Spahn also will bei der Organspende die Widerspruchsregelung einführen mit dem erklärten Ziel, dass mehr Bundesbürger ihren Körper zur Verfügung stellen. Zum Wohle anderer. Nach ihrem Tod beziehungsweise in manchen Fällen "Hirntod". Der Begriff ist ein Paradox. Die Gehirnströme sind dann versiegt, und nur die moderne Medizin – sonst nichts – kann den Menschen noch für eine Zeit am Leben halten. Der Hirntod wird heute von verantwortungsvollen Ärzten in einem mehrstufigen Verfahren eindeutig festgestellt.

Künftig soll das Gemeinwesen davon ausgehen, dass seine Bürger ihre Organe spenden – es sei denn, sie sagen dem Staat einmal Nein. Bisher war es genau umgekehrt: Keiner spendete, es sei denn, er sagte einmal Ja. Zwar werden die Menschen in Deutschland mittlerweile aufgefordert, bewusst zu entscheiden, aber wenn sie es nicht tun, bleiben sie einfach Nichtspender. Mit dem Ergebnis, dass hierzulande immer noch viele Kandidaten kein Ersatzorgan erhalten oder lange darauf warten müssen. Leben gehen deshalb zu Ende, die zu retten wären. Klar, das hat nicht nur mit zu wenigen Spendern zu tun – manche Krankenhäuser arbeiten ineffizient, manch passendes Organ findet nicht zu dem Menschen, der es brauchen könnte. Aber zu erheblichem Teil liegt es eben doch am Spendenmangel.

Der lässt sich beheben, wenn man den Entscheidungsrahmen so ändert, wie sich Jens Spahn das nun vorstellt. Woher wir das wissen?

Erstens aus dem Vergleich mit anderen europäischen Ländern, die Organspenden bei sich schon immer so geregelt haben – und bei denen ein ungleich höherer Anteil der Bürger spendet. Zum Beispiel bei den Nachbarn in Österreich, die, auf die Einwohnerzahl gerechnet, rund doppelt so viele Transplantationen vornehmen wie die Deutschen.
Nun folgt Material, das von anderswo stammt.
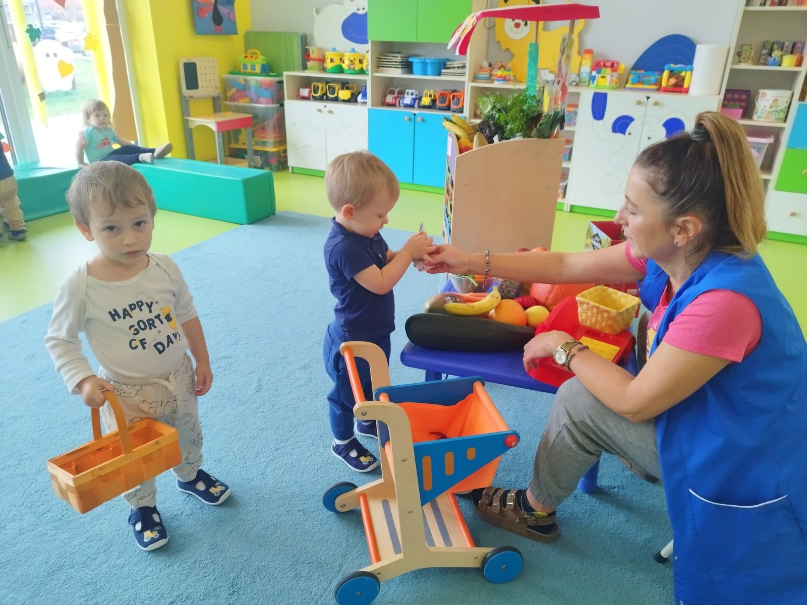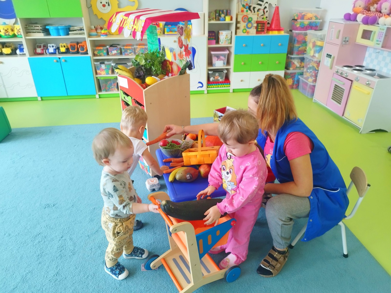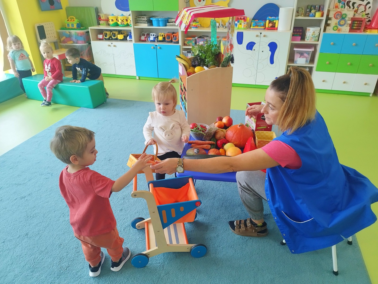 Zdjęcie przedstawia dzieci podczas zajęć edukacyjnych owocach i warzywach
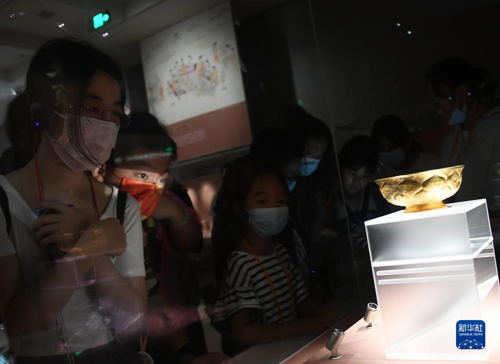 8月11日,游客在陜西歷史博物館何家村窖藏出土文物展上參觀鴛鴦蓮瓣紋金碗。
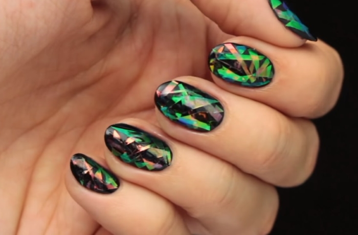Любая фольга — хороший способ украсить ногти, особенно если включить фантазию и нанести какой-нибудь необычный рисунок.

Zweitens zeigt die Verhaltensforschung der Ökonomen, dass Menschen in vielen Fragen faule Denker sind und nur intuitiv reagieren. Und die Intuition rät oft, es einfach beim Status quo zu belassen, auch wenn der Aufwand, ihn zu ändern, denkbar gering ist. Deshalb hat es einen solch großen Effekt, ob der Staat vom Ja oder vom Nein ausgeht.

Dieser Staat sollte bewusst den geeigneten Rahmen wählen, statt sich einfach mit dem zu begnügen, was zufällig gewachsen ist, also dem automatischen Nein. Auch mit einem Schreiben der Krankenkasse kommt man der Faulheit des Denkens kaum bei. In Abwägung mit dem lebensrettenden Effekt ist das automatische Ja deshalb geboten. Es ist genauso wenig Manipulation wie das bisherige Nein, sondern ein Anstoß zu mehr Gemeinnutz.

Wer das nicht will, hat ein Leben lang Zeit, Nein zu sagen. Und wenn er das versäumt, können es Spahns Plan nach immer noch seine Angehörigen tun. Es ist deshalb falsch zu sagen, der Mensch werde verfügbar gemacht. Wenn er seine Würde bedroht sieht, kostet es ihn nur ein Wort, dem vorzubeugen. Verantwortungsvoller geht es nicht.